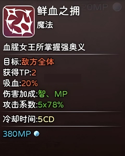 血腥女王的“鲜血之拥”是我个人很喜欢的AOE技能,它的伤害比风雷更高,美中不足的是没有附带负面效果,而且释放这个技能还能让角色瞬间回满生命值与法力值。
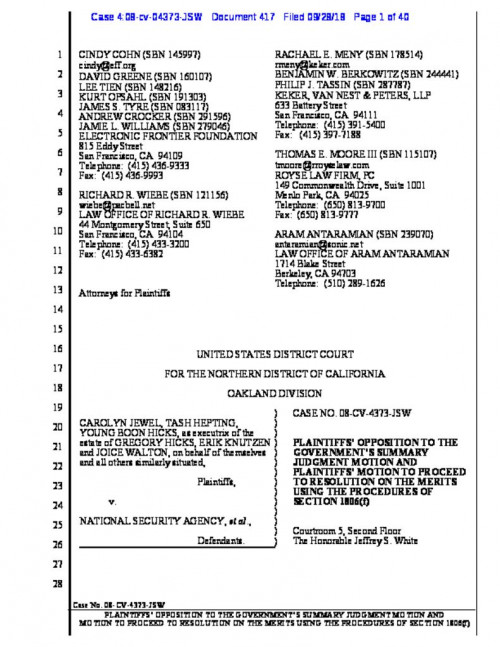 Plaintiffs' Opposition to the Government's Summary Judgment Motion and Plaintiffs' Motion to Proceed to Resolution on the Merits Using the Procedures of Section 1806(f)
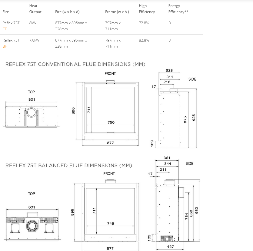 • Linings – Brick effect, Ledgestone Effect, EchoFlame Black Glass, Fluted Vermiculite & Black Reeded
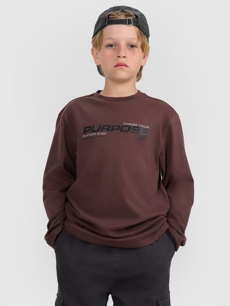 4F Longlseeve regular z nadrukiem chłopięcy – brązowy 140 (9-10 lat)
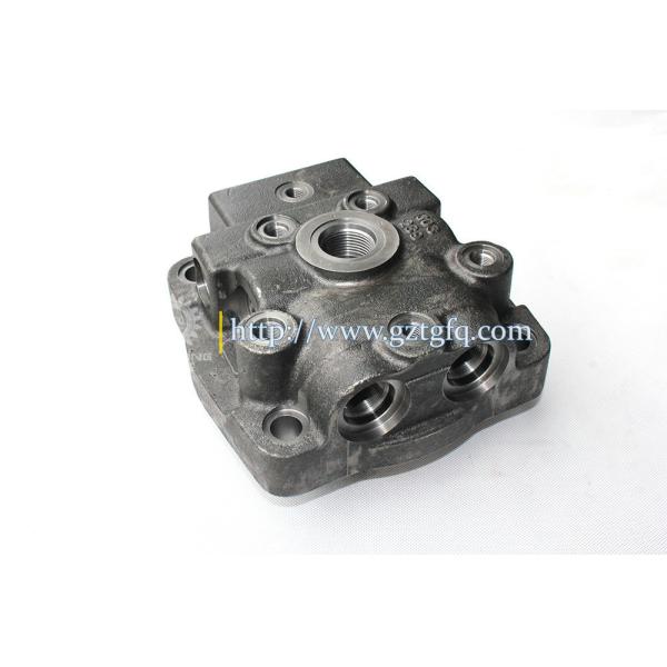 Mounting Flange - The interface that allows the travel motor head to be securely mounted to the excavator's undercarriage structure.
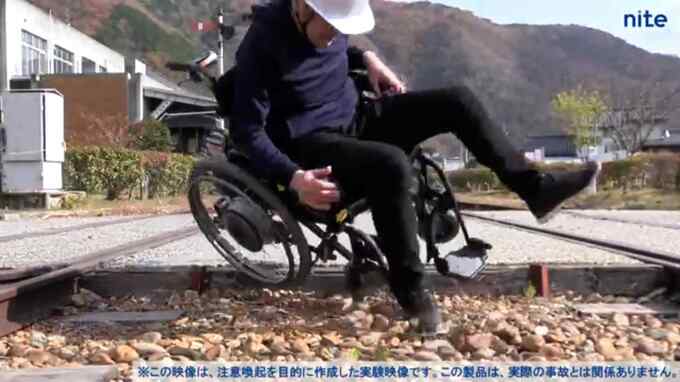 製品評価技術基盤機構 岡田大樹さん「誤った操作での事故が多く起きておりますので、広く安全な場所でまず練習を行って、電動車いすの操作や速度に十分に慣れていただきたい。走行しようとしている道路の状況、踏切とか、落ちてしまいそうな側溝、急な坂道がないかを確認して、事故を減らしていただければ」
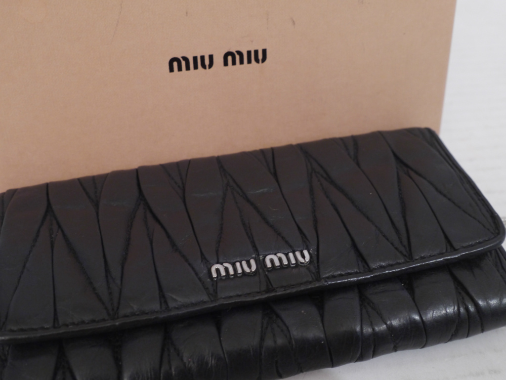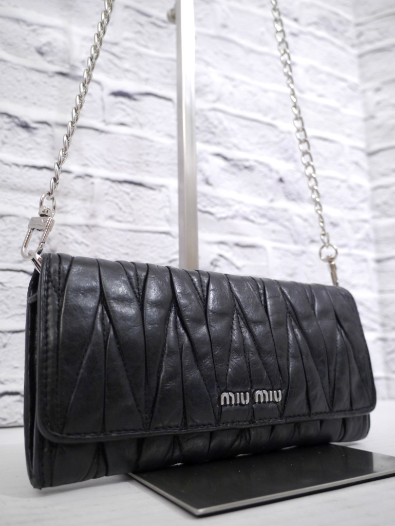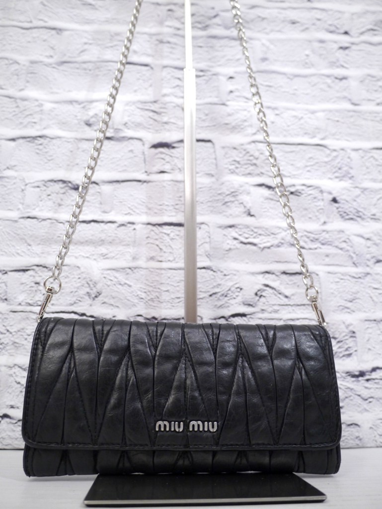 ◆miu miu ミュウミュウ MATELASSE マテラッセ クロスボディ ショルダー ウォレット バッグ ポシェット 黒x銀◆ クロスボディ仕様の定番♪
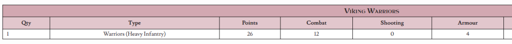 This doesn’t look great. Even with a 3:2 ratio of Irish to Vikings, I doubt the Irish are pulling a win here. Given the uselessness of their shooting, I’d probably make them the exact same warrior profile, just with less armor. This would allow them to roll 12 dice, giving them a 60% chance of knocking wounds off the Vikings–but that may not be enough. Looking at some of the options available, I could bump them to hitting on a 4+ (Brutal) or give them two more dice while at full health (Spears as Tribute) which could help even the battlefield.
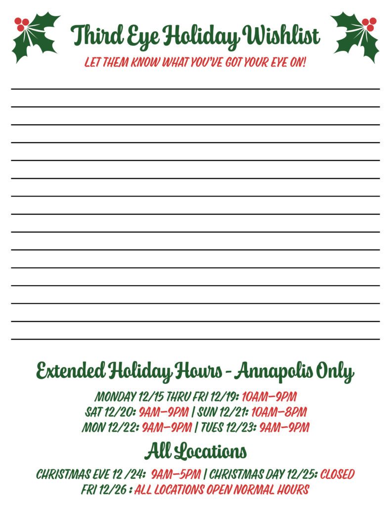 Grab a Third Eye Holiday Wishlist in-store, hand it to the nerd in your life, and let them fill it out. Then bring it back — we’ll help you find everything on the list.
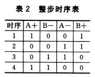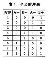 步進(jìn)電機(jī)有兩種工作方式:整步方式和半步方式。以步進(jìn)角1.8°四相混合式步進(jìn)電機(jī)為例,在整步方式下,步進(jìn)電機(jī)每接收一個脈沖,旋轉(zhuǎn)1.8°,旋轉(zhuǎn)一周,則需要2OO個脈沖。在半步方式下,步進(jìn)電機(jī)每接收一個脈沖,旋轉(zhuǎn)0.9°,旋轉(zhuǎn)一周,則需要4OO個脈沖。控制步進(jìn)電機(jī)旋轉(zhuǎn)必須按一定時序?qū)Σ竭M(jìn)電機(jī)引線輸入脈沖。以上述四相六線制電進(jìn)電機(jī)為例,其半步工作方式和整步工作方式的控制時序如表1和表2所列。

▶ **Brief**: Reproduce the listing above from the line that holds "4F Longlseeve regular" through the line that holds "製品評価技術基盤機構 岡田大", both included, with the pictures left out.

▶ **Answer box**:
 4F Longlseeve regular z nadrukiem chłopięcy – brązowy 140 (9-10 lat)
 Mounting Flange - The interface that allows the travel motor head to be securely mounted to the excavator's undercarriage structure.
 製品評価技術基盤機構 岡田大樹さん「誤った操作での事故が多く起きておりますので、広く安全な場所でまず練習を行って、電動車いすの操作や速度に十分に慣れていただきたい。走行しようとしている道路の状況、踏切とか、落ちてしまいそうな側溝、急な坂道がないかを確認して、事故を減らしていただければ」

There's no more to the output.